# STORED DATA
Content starts
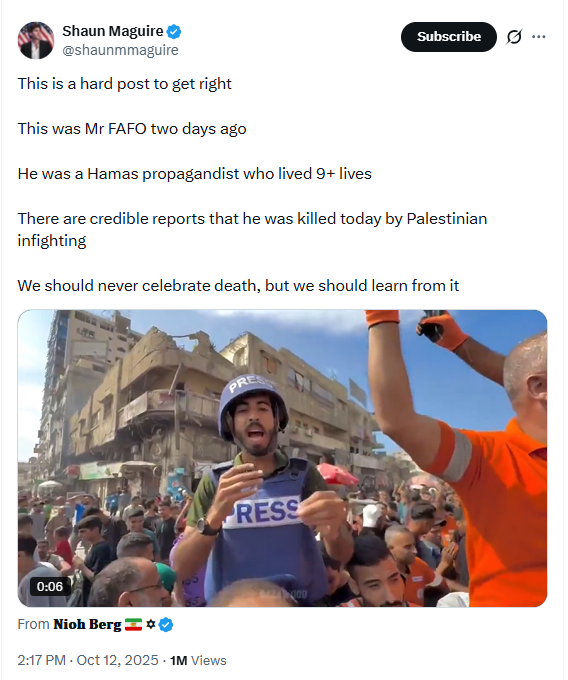 Incitement #77This is a hard post to get right This was Mr FAFO two days ago He was a Hamas propagandist who lived 9+ lives There are credible reports that he was killed today by Palestinian infighting We should never celebrate death, but we should learn from it
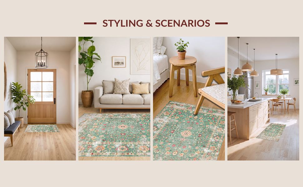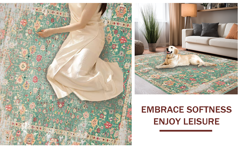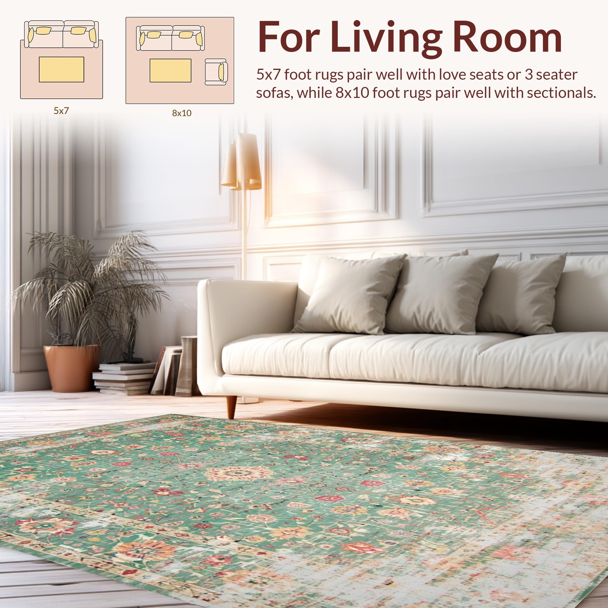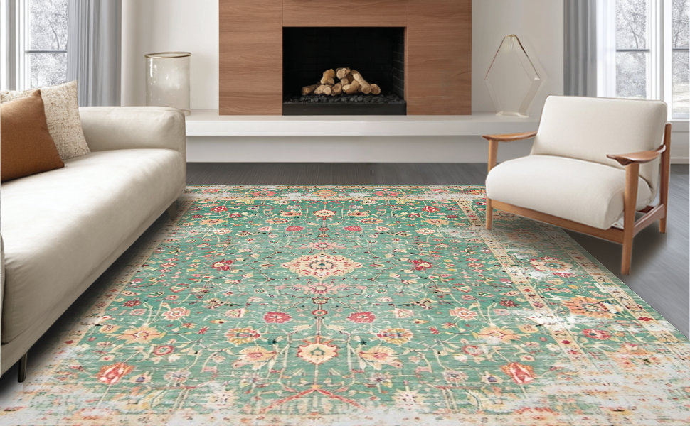 Ultra Soft Area Rug, Non Slip, Stain Resistant, Washable Area Rugs for Living Room, Bedroom, Elegant Sage Floral Arrangement(Green) Overview:
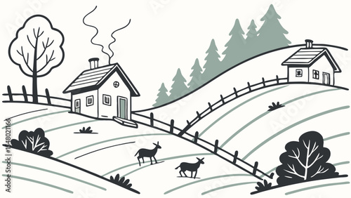 Serene Mountain Village Terraced Hills, Cozy Cottages, and Grazing Goats
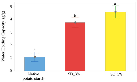 Figure 6 shows the water holding capacity (WHC) of native potato starch and spray-dried starch powders [SD_3%, SD_5%]. Significant differences were found in the WHC of native potato starch and spray-dried starch powders. In detail, the SD_5% exhibited the highest WHC values, followed by the SD_3% powder, while native potato starch showed the lowest values. The WHC values of SD_3% powder were lower than those of SD_5% powders, indicating that there are fewer available sites for water retention. On the contrary, native potato starch exhibited the lowest WHC values, which could be attributed to the semi-crystalline structure of starch. Fadimu et al. [21] reported that by increasing crystalline regions and decreasing amorphous regions, the water absorption capacity of modified sweet potato starch decreased due to limited water binding sites. Sheng et al. [65] reported that the water binding capacity of starch increased due to the disruption of secondary bonding, e.g., hydrogen bonds in the starch molecular chains during gelatinization.
Content ends
# PROBLEM TO WORK ON
Reproduce the listing above from the line that holds "Ultra Soft Area" through the line that holds "Serene Mountain Village", both included, with the pictures left out.

# FINAL ANSWER
 Ultra Soft Area Rug, Non Slip, Stain Resistant, Washable Area Rugs for Living Room, Bedroom, Elegant Sage Floral Arrangement(Green) Overview:
 Serene Mountain Village Terraced Hills, Cozy Cottages, and Grazing Goats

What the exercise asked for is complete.